Hedge Clause

2000 Investor Limit

DEFINITION of the cover clause

A cover clause is a clause in a research report which attempts to release the author from any responsibility for the accuracy of the information contained in the report or publication. The cover clause attempts to compensate the author (s) for any liability for any error, omission or omission contained in the document. Coverage clauses can be found in analyst reports, corporate press releases and on most investment websites.

A cover clause is also called a “disclaimer”.


Coverage clauses are intended to protect those who communicate but have no role in recording or preparing an organization’s financial information. Although cover clauses are often overlooked, investors are advised to review them to better judge and interpret the content of a publication. Investors will find hedging clauses in almost all of the financial reports released today, and while they are often overlooked, they are very important for investors to read and understand.

Example of a cover clause

One example is the “safe haven” provision found in most corporate press releases. Potential conflicts of interest, for example, from a market analyst writing a recommendation for one of his own holdings should also be included in the cover clause of this report.

Typical hedge clause structure

A standard “cover clause” in an investment advisory contract or a limited partnership / limited liability company contract for hedge funds is structured as an exemption from the adviser’s liability and / or as compensation for the adviser by the client of counsel, unless the counselor has been grossly negligent or has committed reckless or willful misconduct, illegal acts or acts outside the scope of his authority.

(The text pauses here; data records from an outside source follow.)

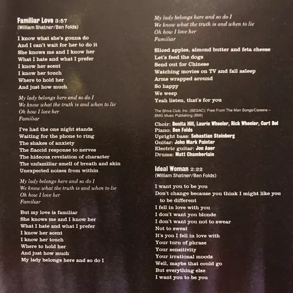 Bass John Mark Painter | Drums Matt Chamberlain | Guitar Jon Auer | Piano Ben Folds | Written-By Ben Folds, William Shatner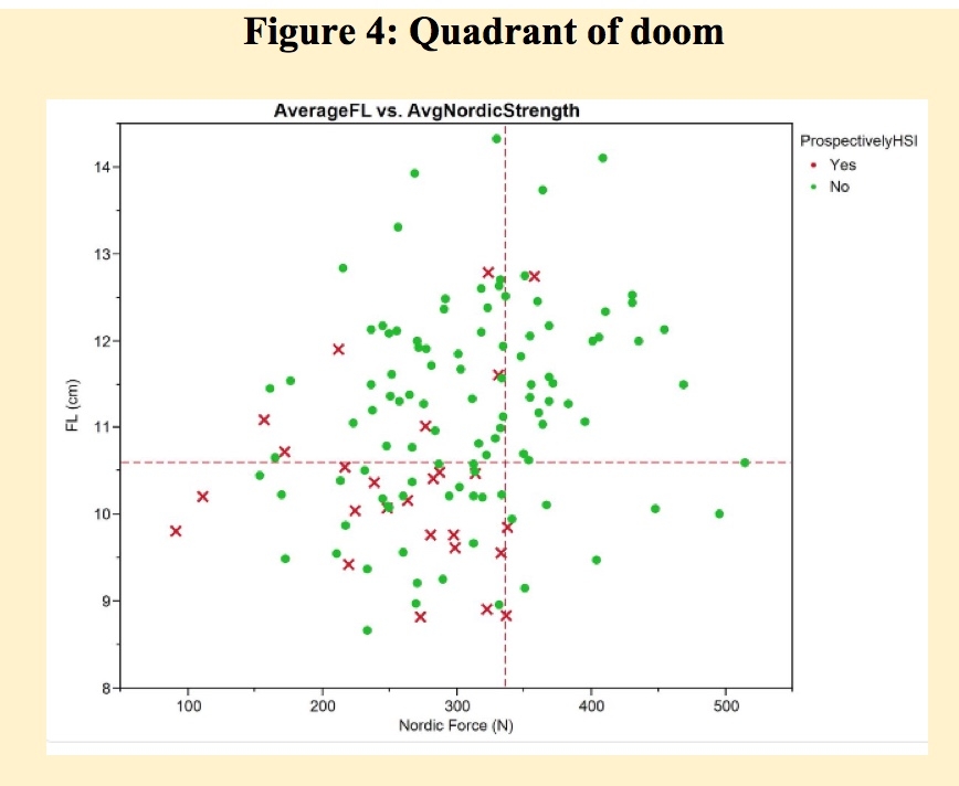(33). Those in this so-called ‘quadrant of doom’ are 39% more likely to suffer an injury compared with the ‘long and strong’ quadrant where there is a 4% chance (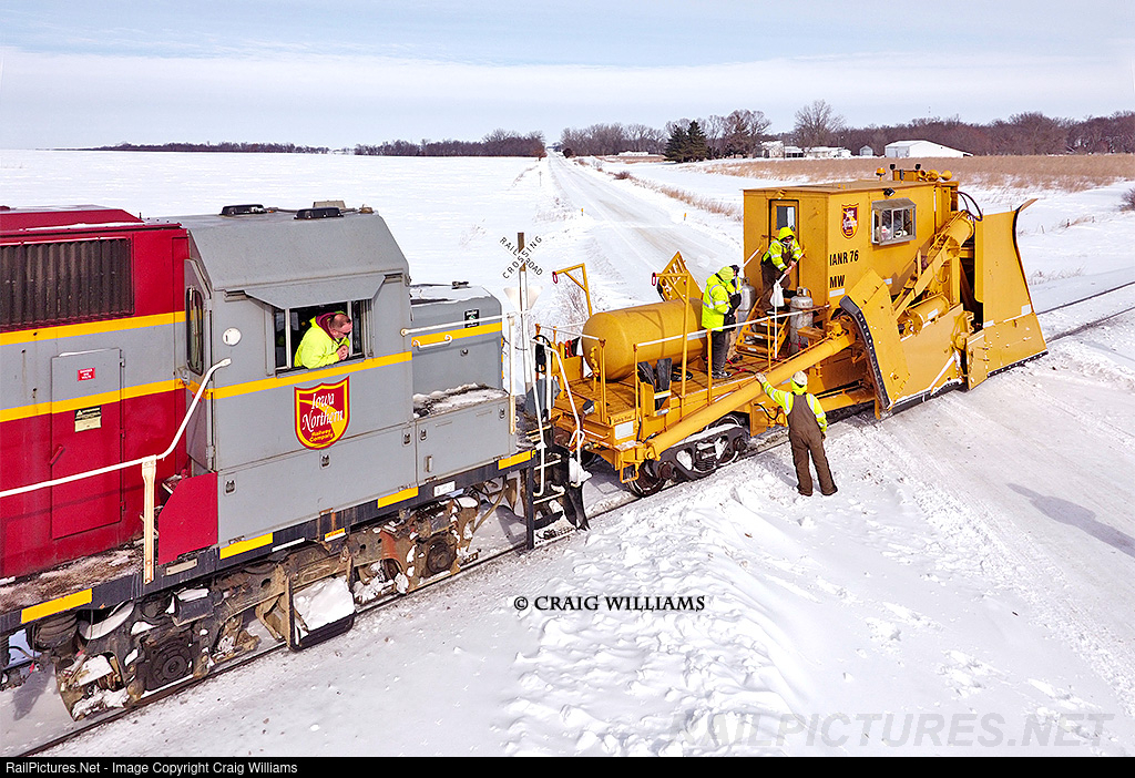 | The Iowa Northern's Jordan works north on the Oelwein Sub towards Oelwein back in early 2021. Past Fairbank there hadn't been any trains for a few days, but in the end the drifts were pretty minor for the middle of February. Snow melts and light snow storms didn't produced much for drifts in early 2021 and the Jordan only got used twice that winter. Here the crew takes a quick break to chat with the MofW boss. |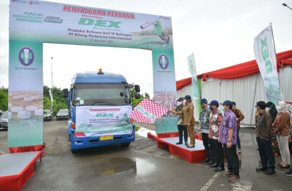 dalam prosesi penyaluran perdana Pertamina Dex 10ppm, Selasa (7/12/2021) mengatakan, penyaluran perdana Pertamina Dex 10ppm adalah bukti kolaborasi dan sinergi antara subholding Refinery & Petrochemicals dan subholding Commercial & Trading yang bekerjasama mengkomersilkan produk unggulan ini.

Often, hedging clauses are followed by “disclosure without waiver” which explains that the client may have certain legal rights, generally arising from federal and state securities laws, notwithstanding hedging clauses that do not been lifted.

Securities and Exchange Commission position on hedging clauses

The U.S. Securities and Exchange Commission has stated that sections 206 (1) and 206 (2) of the Advisers Act prohibit any investment advisor from using a device, scheme or device to defraud or to engage in any transaction, practice or course of business that functions as fraud or deception on customers or potential customers.

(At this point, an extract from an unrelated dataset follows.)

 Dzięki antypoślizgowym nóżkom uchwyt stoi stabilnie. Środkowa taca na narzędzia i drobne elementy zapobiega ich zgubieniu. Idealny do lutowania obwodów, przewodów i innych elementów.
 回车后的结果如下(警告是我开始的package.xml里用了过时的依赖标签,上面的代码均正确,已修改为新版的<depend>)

These anti-fraud provisions can be violated by the use of a cover clause or other exculpatory provision in an investment advice contract, which is likely to lead an investment advice client to believe that he has renounced non-waivable rights of recourse against the advisor.

The SEC has previously argued that hedging clauses that limit the liability of an investment advisor to acts involving gross negligence or willful misconduct are likely to mislead a client who is not aware of the law by making them believe that he has waived rights that are not subject to waiver. , even if the cover clause explicitly provides that the rights conferred by federal or state law may not be waived.